» **Work required**
The records are set out below this line. Return exactly the lines from the one containing "受煤炭价格上涨影 江西创先钙业产品价格上调" through the last, and exclude the pictures.

Saved entries
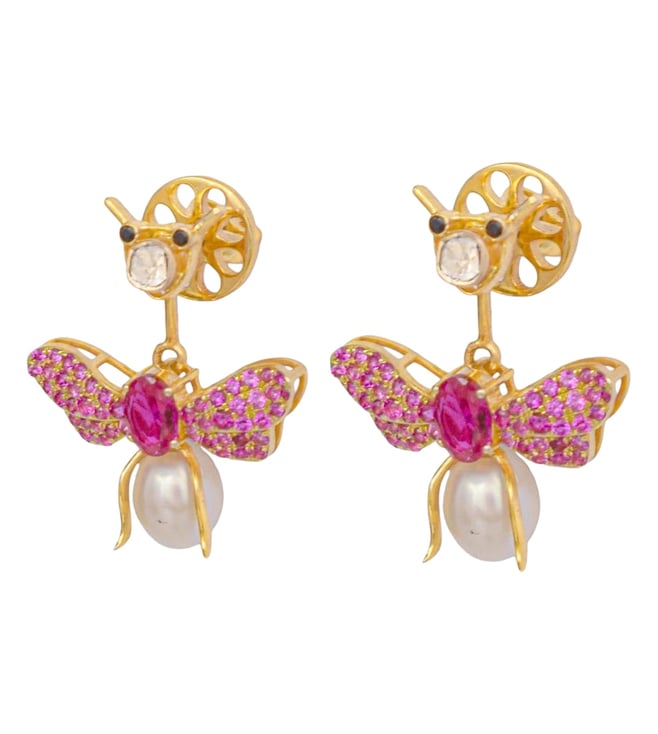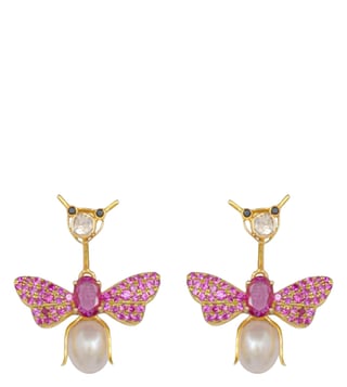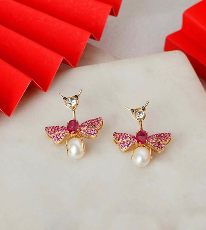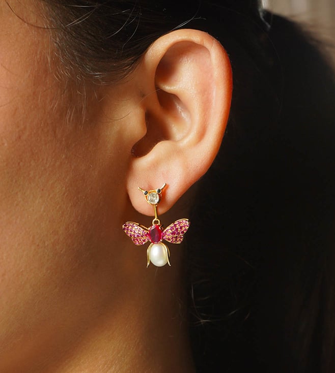 A touch of sparkle and a dash of elegance, the queen bee earrings are a true treasure. The dazzling pink gemstones, set against the backdrop of the bee's delicate 14kt gold form, create a captivating contrast with the luminous pearl droplets.
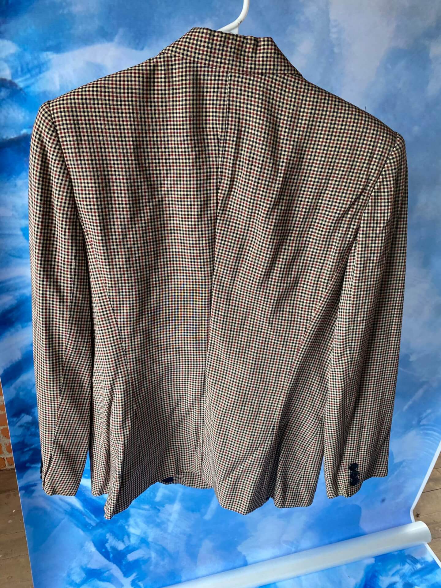 Women’s checked jacket, eggshell white, black and maroon with black buttons
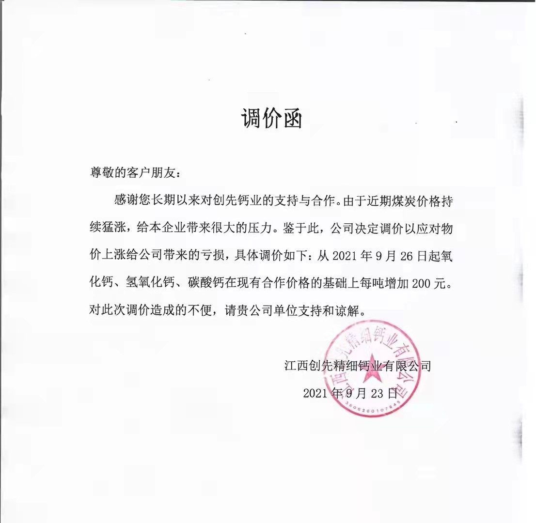 受煤炭价格上涨影 江西创先钙业产品价格上调
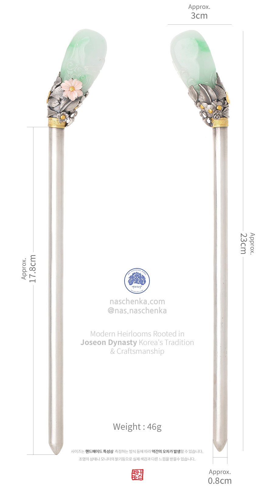 [나스첸카] 내 비녀는 내가 챙긴다 _ 은비녀 입문용 비취 옥 Binyeo
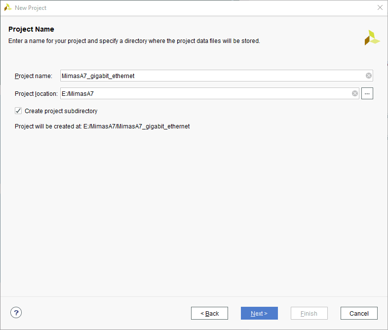 Click “Finish” to complete creating a new project. A new project will be created by Vivado with the selected settings.
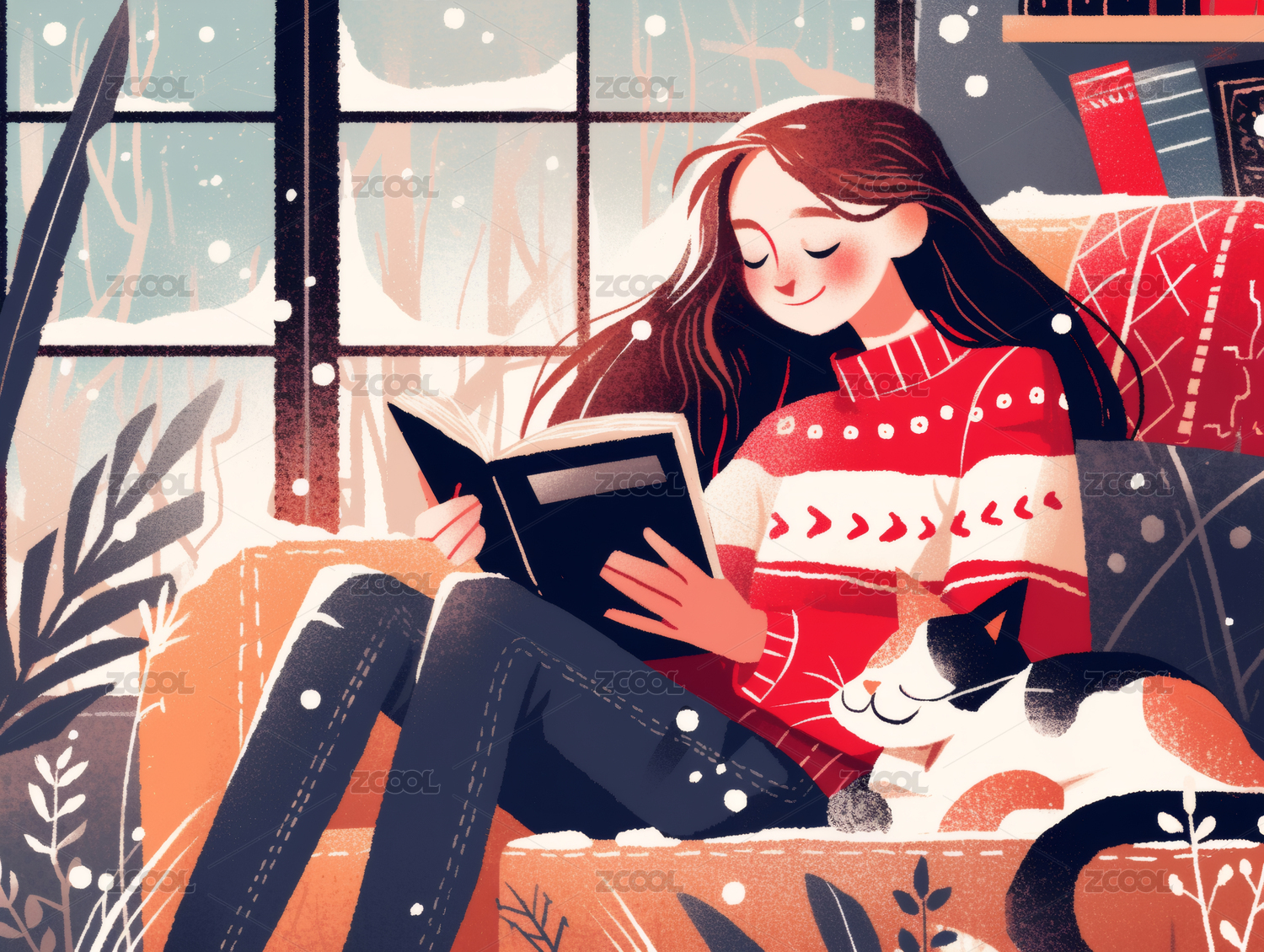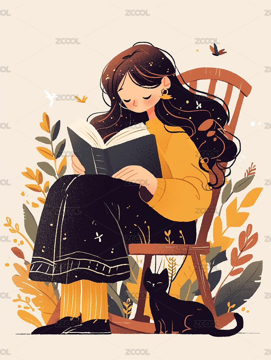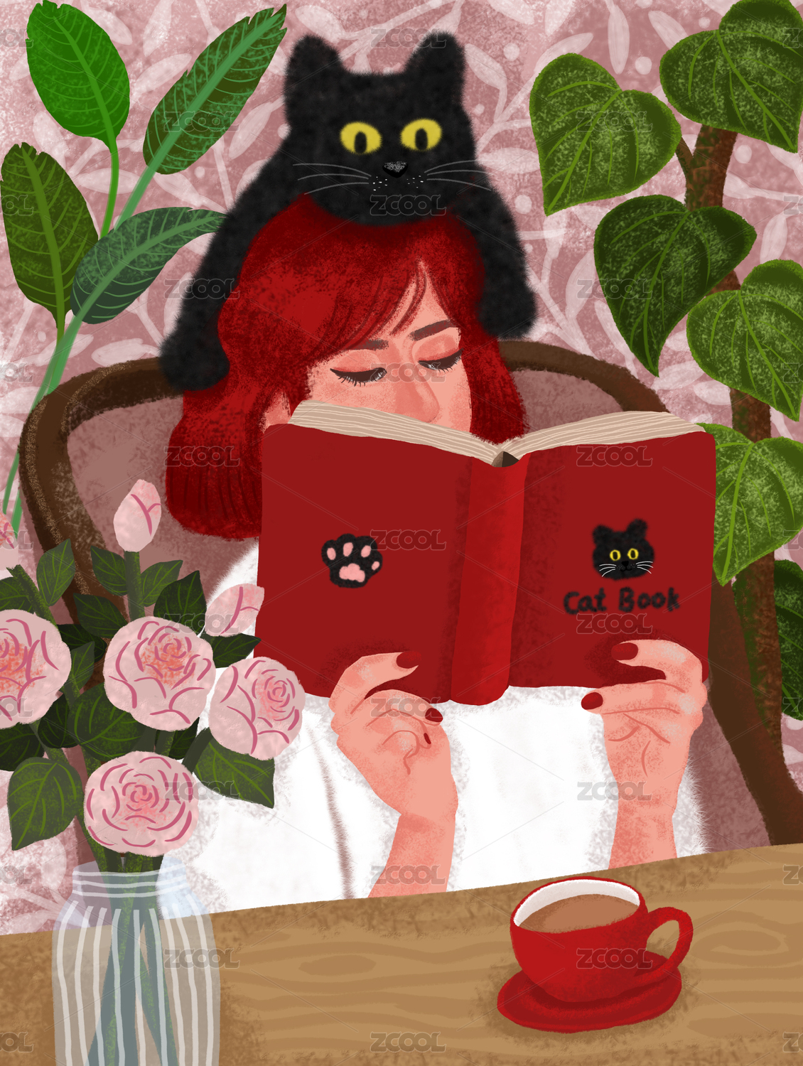 人,女人,坐,室内,椅子,插画,看书,喝酒,惬意,猫
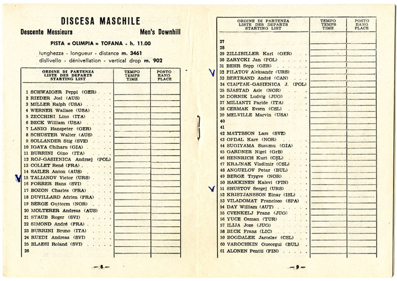 Информационный буклет VII Олимпийских зимних игр 1956 года в Кортине-д'Ампеццо
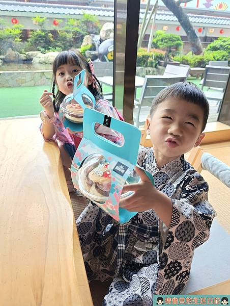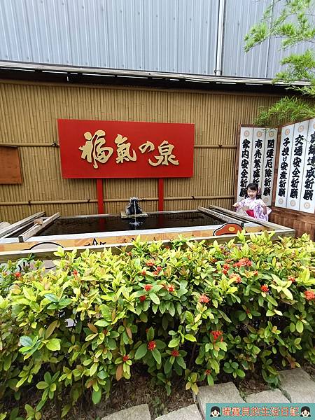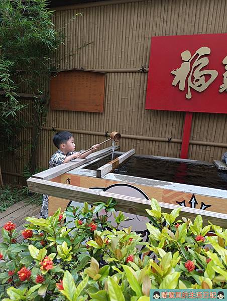 戶外還有一個福氣之泉,兩個孩子看到一旁的遊客去舀水,也跑去體驗。體驗完後也累了,於是決定回室內稍作休息並開心享用自己做的銅鑼燒,頻頻都說自己做的好吃。

» **Exercise output**
 受煤炭价格上涨影 江西创先钙业产品价格上调
 [나스첸카] 내 비녀는 내가 챙긴다 _ 은비녀 입문용 비취 옥 Binyeo
 Click “Finish” to complete creating a new project. A new project will be created by Vivado with the selected settings.
 人,女人,坐,室内,椅子,插画,看书,喝酒,惬意,猫
 Информационный буклет VII Олимпийских зимних игр 1956 года в Кортине-д'Ампеццо
 戶外還有一個福氣之泉,兩個孩子看到一旁的遊客去舀水,也跑去體驗。體驗完後也累了,於是決定回室內稍作休息並開心享用自己做的銅鑼燒,頻頻都說自己做的好吃。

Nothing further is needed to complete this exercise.